### Material shown
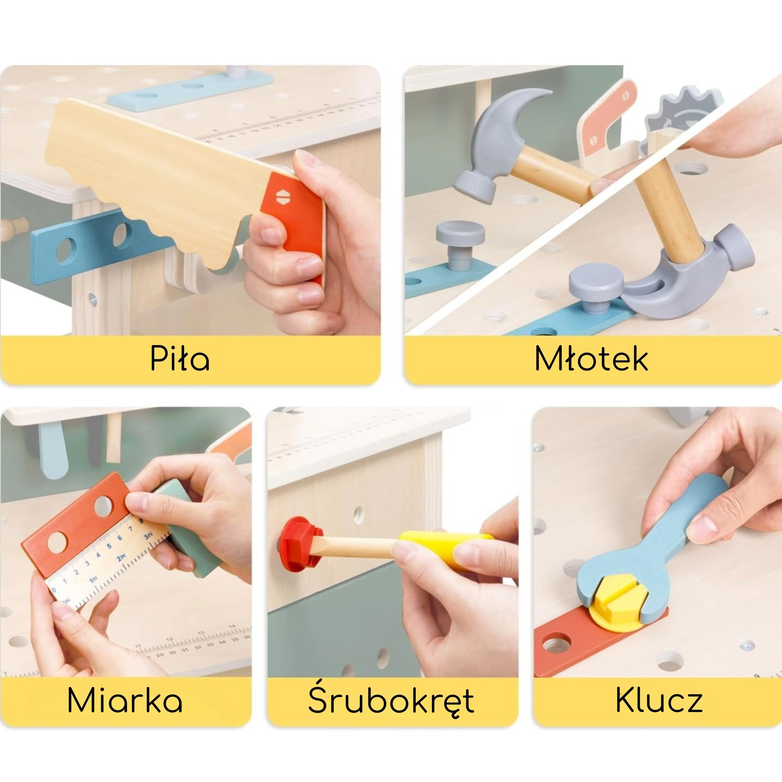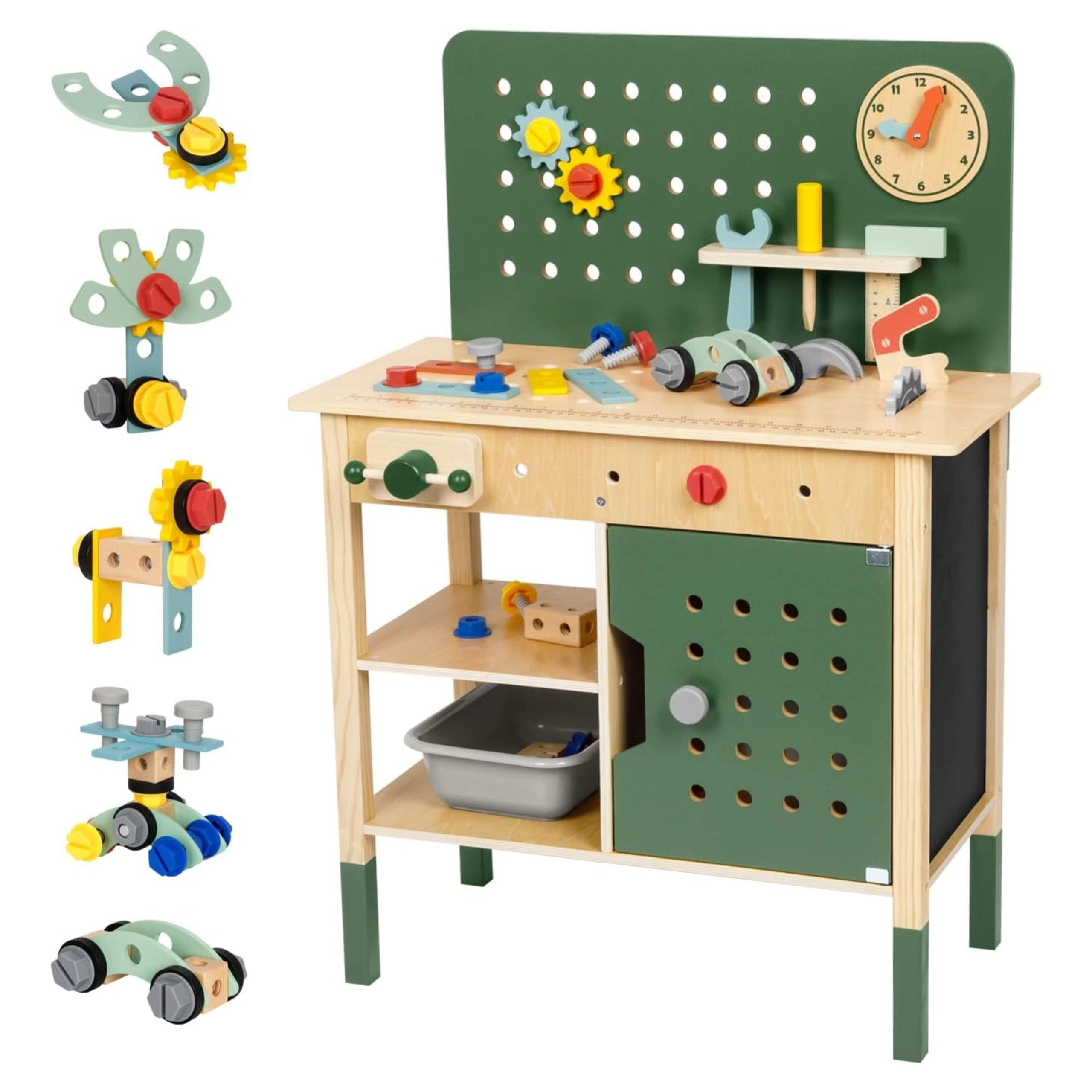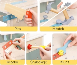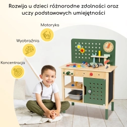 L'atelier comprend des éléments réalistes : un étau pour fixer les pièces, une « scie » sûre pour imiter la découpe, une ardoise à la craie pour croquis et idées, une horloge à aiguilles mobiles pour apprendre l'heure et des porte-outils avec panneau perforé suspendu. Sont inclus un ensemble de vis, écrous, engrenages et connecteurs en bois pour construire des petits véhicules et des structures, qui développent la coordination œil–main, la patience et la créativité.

...

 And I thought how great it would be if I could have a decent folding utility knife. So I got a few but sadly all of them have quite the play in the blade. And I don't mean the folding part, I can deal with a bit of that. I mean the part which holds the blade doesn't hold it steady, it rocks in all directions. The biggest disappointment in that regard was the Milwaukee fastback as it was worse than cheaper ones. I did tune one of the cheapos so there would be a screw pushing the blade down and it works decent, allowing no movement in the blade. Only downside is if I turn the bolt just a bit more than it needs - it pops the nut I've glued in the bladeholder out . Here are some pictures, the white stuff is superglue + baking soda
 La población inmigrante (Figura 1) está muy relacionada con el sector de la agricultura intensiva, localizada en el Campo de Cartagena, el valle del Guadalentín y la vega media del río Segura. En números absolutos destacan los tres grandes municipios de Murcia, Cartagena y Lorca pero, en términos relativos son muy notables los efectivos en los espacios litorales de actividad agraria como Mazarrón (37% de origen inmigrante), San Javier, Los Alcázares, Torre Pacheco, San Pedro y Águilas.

### The task
Would you print exactly, and only, the lines of the data above from the line with "And I thought" through the line with "La población inmigrante", inclusive?

### Worked solution
 And I thought how great it would be if I could have a decent folding utility knife. So I got a few but sadly all of them have quite the play in the blade. And I don't mean the folding part, I can deal with a bit of that. I mean the part which holds the blade doesn't hold it steady, it rocks in all directions. The biggest disappointment in that regard was the Milwaukee fastback as it was worse than cheaper ones. I did tune one of the cheapos so there would be a screw pushing the blade down and it works decent, allowing no movement in the blade. Only downside is if I turn the bolt just a bit more than it needs - it pops the nut I've glued in the bladeholder out . Here are some pictures, the white stuff is superglue + baking soda
 La población inmigrante (Figura 1) está muy relacionada con el sector de la agricultura intensiva, localizada en el Campo de Cartagena, el valle del Guadalentín y la vega media del río Segura. En números absolutos destacan los tres grandes municipios de Murcia, Cartagena y Lorca pero, en términos relativos son muy notables los efectivos en los espacios litorales de actividad agraria como Mazarrón (37% de origen inmigrante), San Javier, Los Alcázares, Torre Pacheco, San Pedro y Águilas.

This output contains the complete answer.